» WHAT TO PRODUCE
Give only the number of lines in the data that contain the word "while".

» INPUT RECORDS
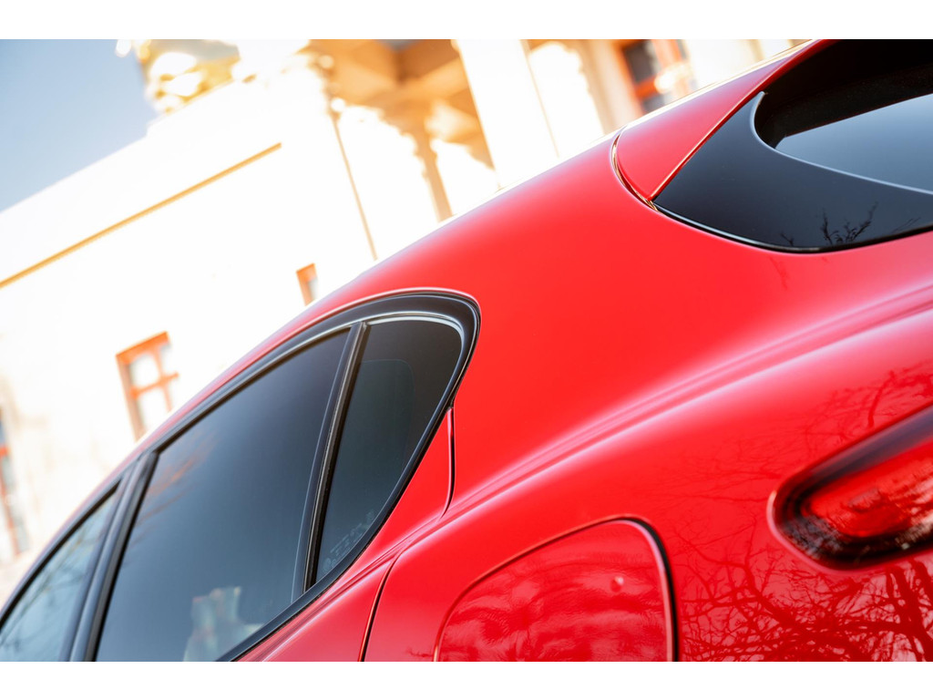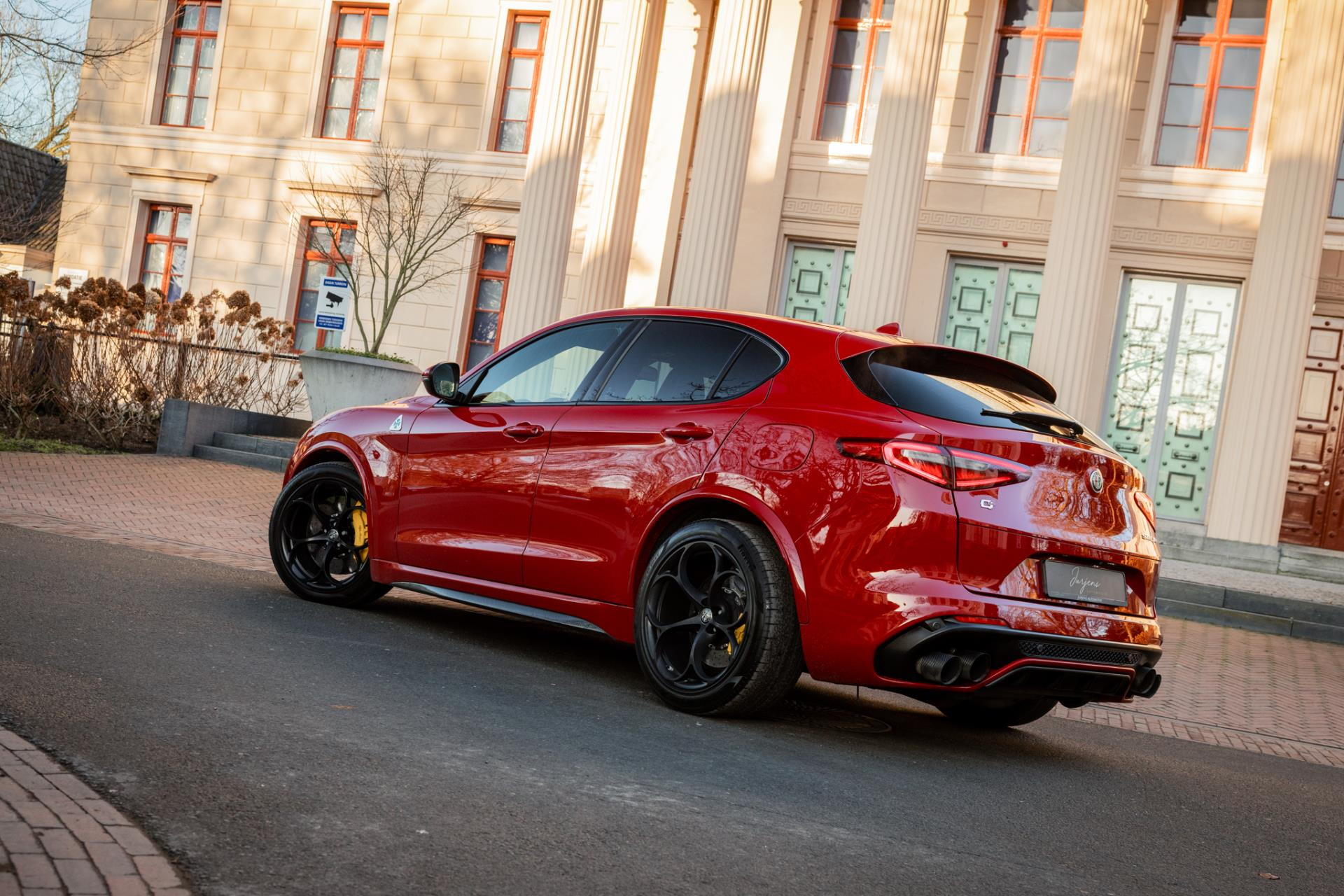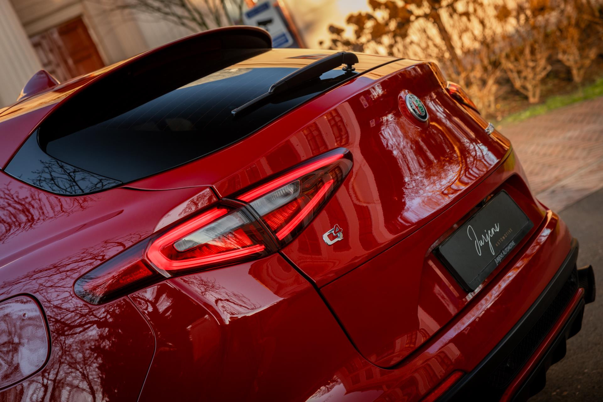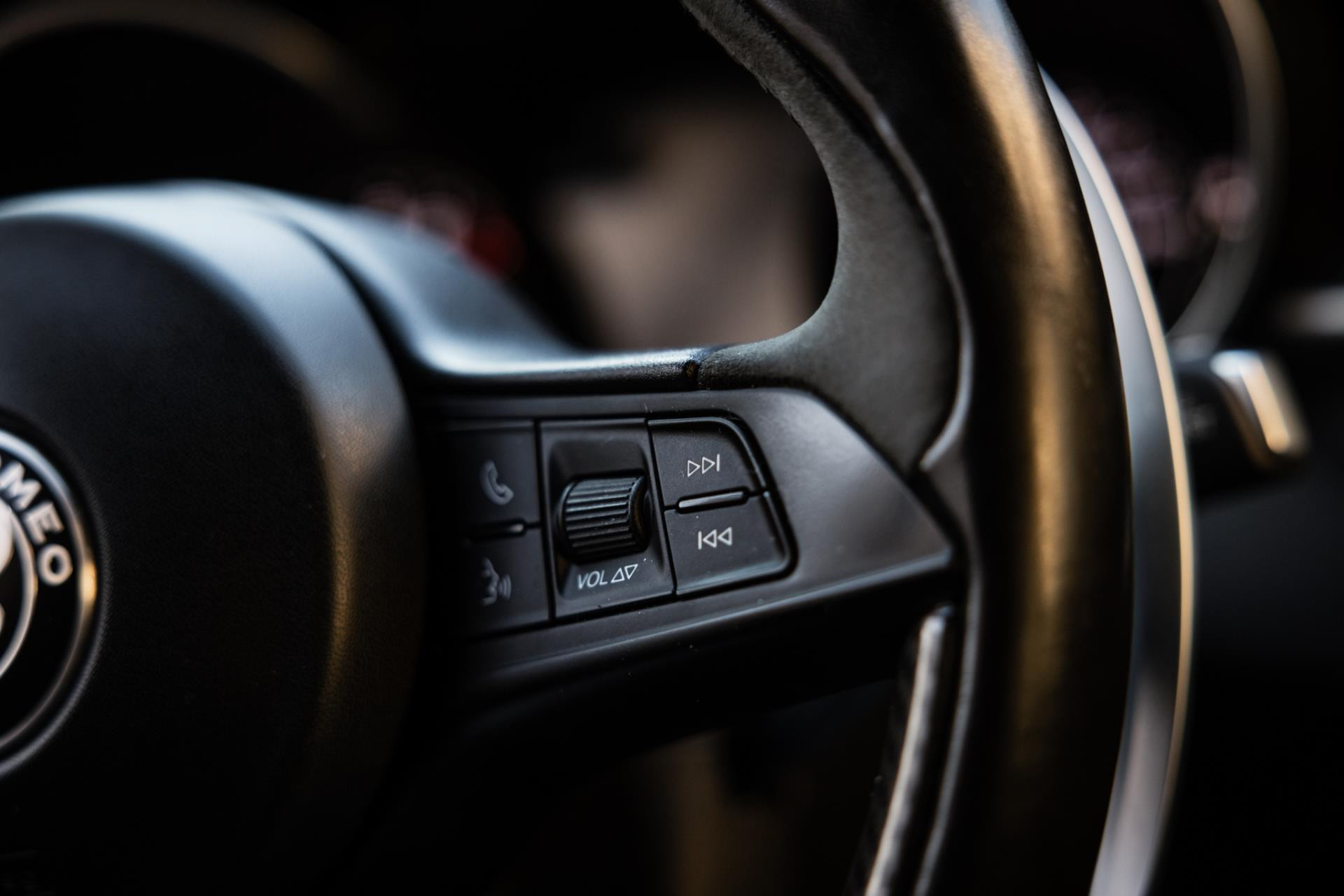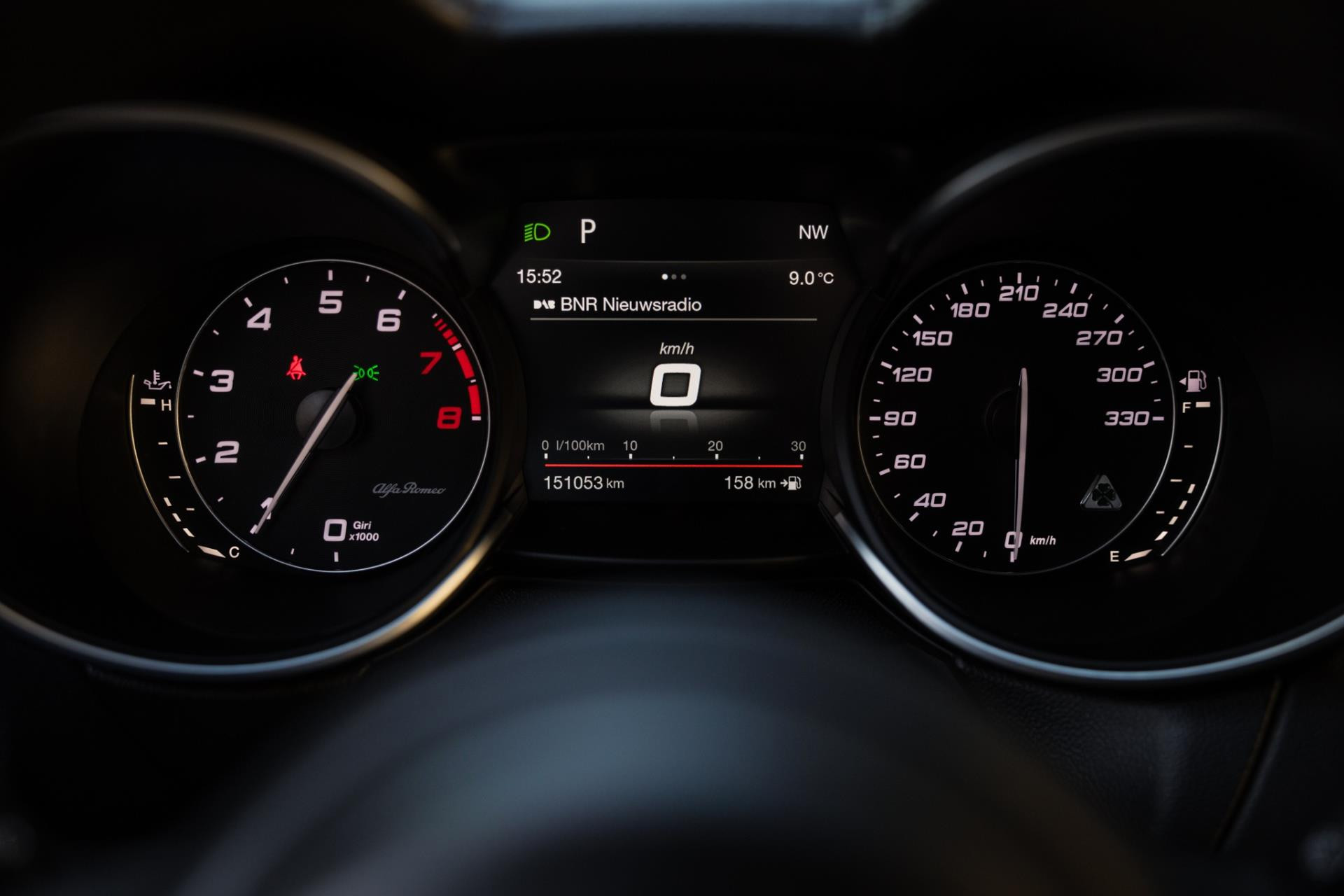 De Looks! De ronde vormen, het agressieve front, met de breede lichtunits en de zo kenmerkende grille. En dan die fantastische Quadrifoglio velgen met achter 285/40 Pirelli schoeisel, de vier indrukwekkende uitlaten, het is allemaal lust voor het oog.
...
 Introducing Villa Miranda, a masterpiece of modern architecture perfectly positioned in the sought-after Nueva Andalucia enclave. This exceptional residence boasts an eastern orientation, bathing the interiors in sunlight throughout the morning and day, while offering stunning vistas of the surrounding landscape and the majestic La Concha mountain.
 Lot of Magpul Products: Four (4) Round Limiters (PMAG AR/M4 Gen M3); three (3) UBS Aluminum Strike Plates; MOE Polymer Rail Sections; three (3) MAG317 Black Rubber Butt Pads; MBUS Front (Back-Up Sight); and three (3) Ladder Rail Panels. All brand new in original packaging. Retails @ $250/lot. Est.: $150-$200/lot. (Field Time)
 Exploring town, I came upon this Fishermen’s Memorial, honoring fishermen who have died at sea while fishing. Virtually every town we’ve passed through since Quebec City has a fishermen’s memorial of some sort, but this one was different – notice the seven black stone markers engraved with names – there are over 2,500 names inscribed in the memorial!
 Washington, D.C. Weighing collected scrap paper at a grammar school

» ANSWER
2